I've fallen on my shoulder and it was rainbow colors for a few weeks, haha. I think my most "interesting fall" was when an OTTB ran away with me and I stayed on him (fastest galloping anyone there'd ever seen) for like 50 times around the ring (I don't know how. xD) until I lost my stirrups and tumblesaulted off. I literally hit the ground and rolled. I guess that's the best way to do it though? haha. 

I think the most important thing though is make sure your feet are out of the stirrups. Dragging is one of my worst fears. x_x And making sure you're not falling off the rail side is nice too. xD And wear a helmet of course. xP I'd also advise getting up as fast as possible in case the horse is still running/bucking/etc.

Stay safe and on the horse! :]]


----------



## 888vegas888 (Jun 23, 2010)

to fall..... LOOSEY GOOSEY. if you stiffen or tense up your body, you're almost certain to get hurt.

or you could try and pull a cool one... like some kind of gymnast flip... but of course this doesn't always have the best results. in my case, it once did.

i remember once when i was on my mare, teaching her to do flying changes, she would always buck when she swapped the back. so i was in a circle, trying to get her to pop her back change... the second i stepped out, of course, she bucked. since she had been doing them so well lately, i wasn't expecting a buck, so i was caught off guard. my entire body was launched out of the saddle, i put my right hand on her withers, my left hand smack between her ears, my legs flipped over me, and i did a cartwheel, and, ironically landed on my feet, standing centered in front of her, and managed to stop her in a split second.

the. best. fall. ever. ^^^^^ :wink:


----------



## Gidji (Dec 19, 2008)

The best way to fall is to be loose but don't try and stop the fall. Putting your hands out will only increase the risk of breaking them. When I fell of at a jump I put my hand out and it went straight bang into the jump wing.

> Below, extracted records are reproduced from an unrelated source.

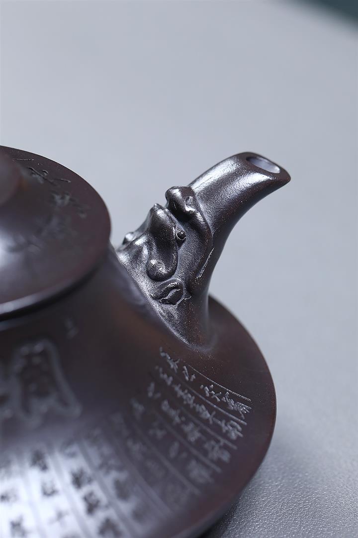 【作品介紹】此款壺形線條流暢,壺把,壺嘴,壺身壹氣呵成栩栩如生,是收藏把玩的好壺,泥料色澤古樸典雅,日久使用,漸露鋒芒,養成變化快,溫潤莊重,用其泡茶,使用的年代久,壺身就溫潤,泡出來的茶湯也就醇郁芳馨。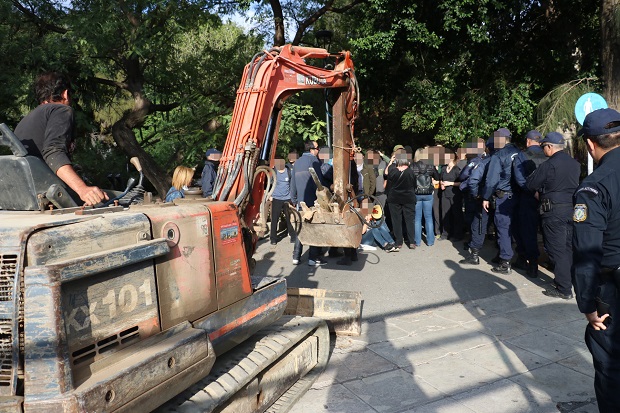 Οι αστυνομικές δυνάμεις απώθησαν δεκάδες πολίτες από τις “Φυλές του πάρκου”, που από το πρωί εμπόδισαν την είσοδο στο χώρο του εργολάβου και των μηχανημάτων, ζητώντας να κάνουν πρώτα συνέλευση.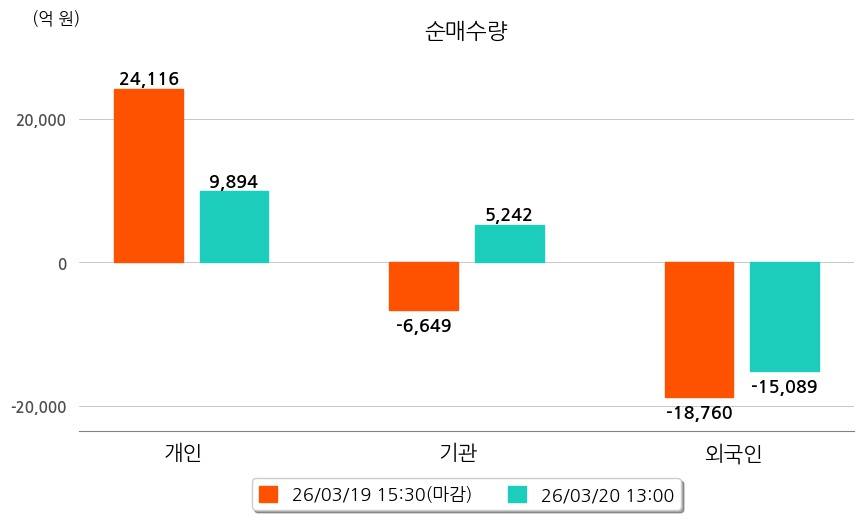 투자자별 동향을 살펴보면 기관은 5,242억 원 순매수했으며, 외국인은 15,089억 원 순매도했다. 개인은 9,894억 원 순매수했다.

Of course, you should tuck and roll but really not everyone can remember to do that in a split second.


----------



## Walkamile (Dec 29, 2008)

I remember practicing "emergency dismounts" many years ago. As many have already said, it's one thing to pick and choose when you're going to dismount while practicing, quite another if that choice is taken away from you. 

While I have only done this dismount twice when things got out of control, the first time I choose when, ended up doing a roll and was able to keep one rein in my hand. Ended up breaking a couple of ribs with the impact (arms were at my sides tucked in).

The second time is still a bit of a blur, as I did choose to dismount but happened so quickly that I believe I landed butt first and rolled over backwards. That resulted in two fractured lateral processes in the Lombard region . Thank goodness for helmets or it would have been worse.

So, I have decided that staying in the saddle at all expense is what is going to keep me safe. Unless there is a nice soft fluffy pile of hay right there or a deep puddle of water to land in. :wink:


----------